11. General. Customer may not assign or otherwise transfer, by operation of law or otherwise, any of its rights under this Agreement without SSN’s prior written consent, and any attempted assignment without such consent will be null and of no effect. This Agreement constitutes the entire agreement between the parties and supersedes any and all prior agreements, communications and understandings with respect to the evaluation of the Software and shall be construed in accordance with the laws of the State of Arizona. The parties expressly agree that the United Nations Convention on Contracts for the International Sale of Goods will not apply. Any legal action or proceeding arising under this Agreement will be brought exclusively in the federal or state courts located in the Northern District of California and the parties hereby irrevocably consent to the personal jurisdiction and venue therein.
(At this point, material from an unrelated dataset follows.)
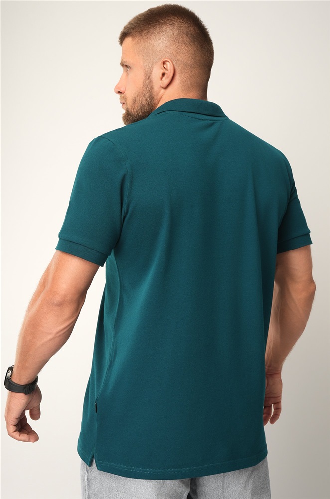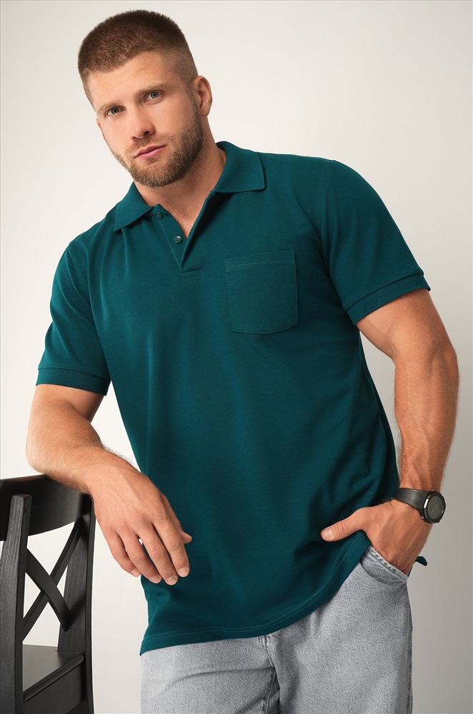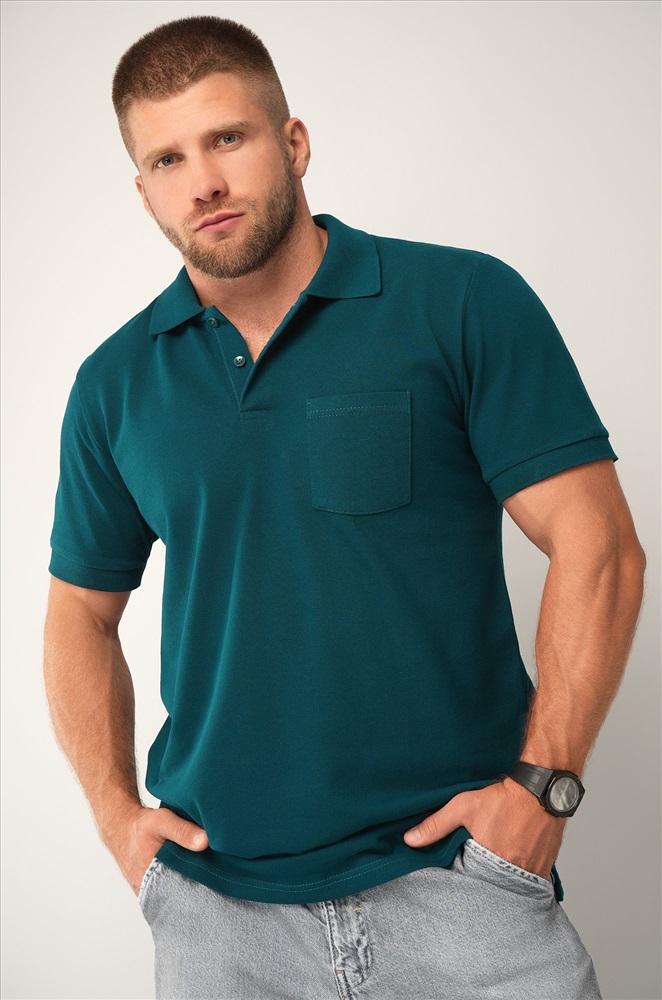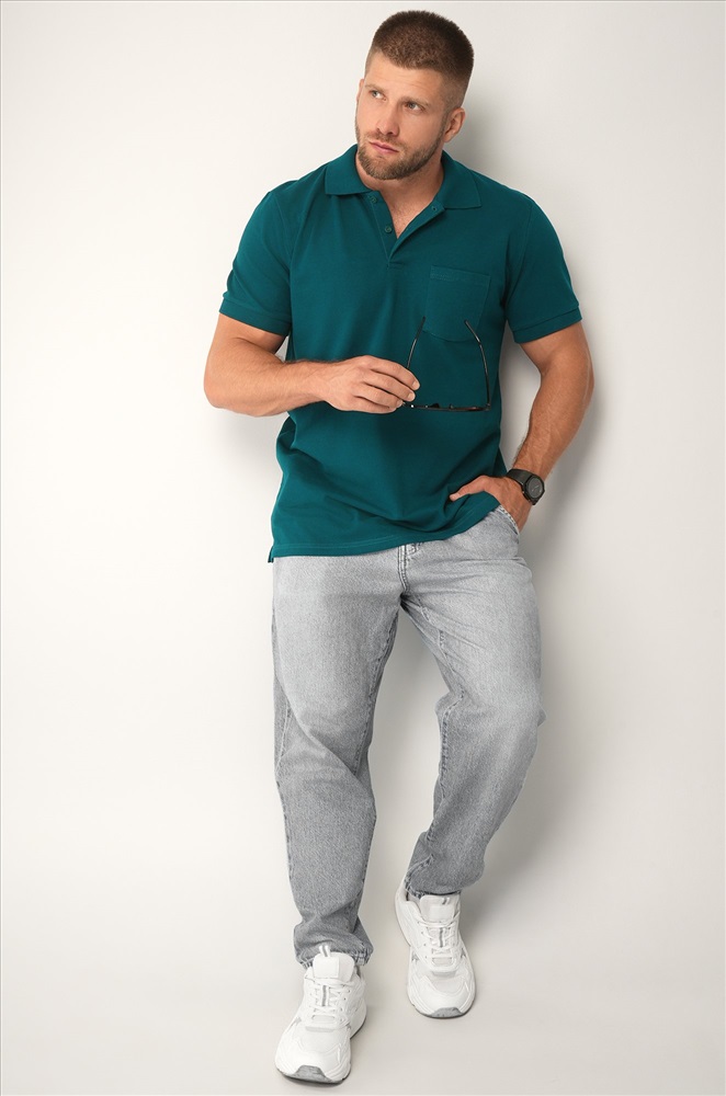 Футболка поло цвета морской волны — лаконичный фаворит мужского гардероба, который всегда к месту. Идеальный баланс между комфортом и стильным минимализмом для повседневных образов.

If any provision of this Agreement is held invalid or unenforceable by a court of competent jurisdiction, such provision will be construed so as to be enforceable to the maximum extent permissible by law, and the remaining provisions of the Agreement will remain in full force and effect. The waiver of any breach or default will not constitute a waiver of any other right hereunder or of any subsequent breach or default. All notices required or permitted under this Agreement will be in writing and delivered in person, by confirmed facsimile transmission or by overnight delivery service and in each instance will be deemed given upon receipt. All communications will be sent to the addresses set forth below or to such other address as may be specified by either party to the other in accordance with this Section.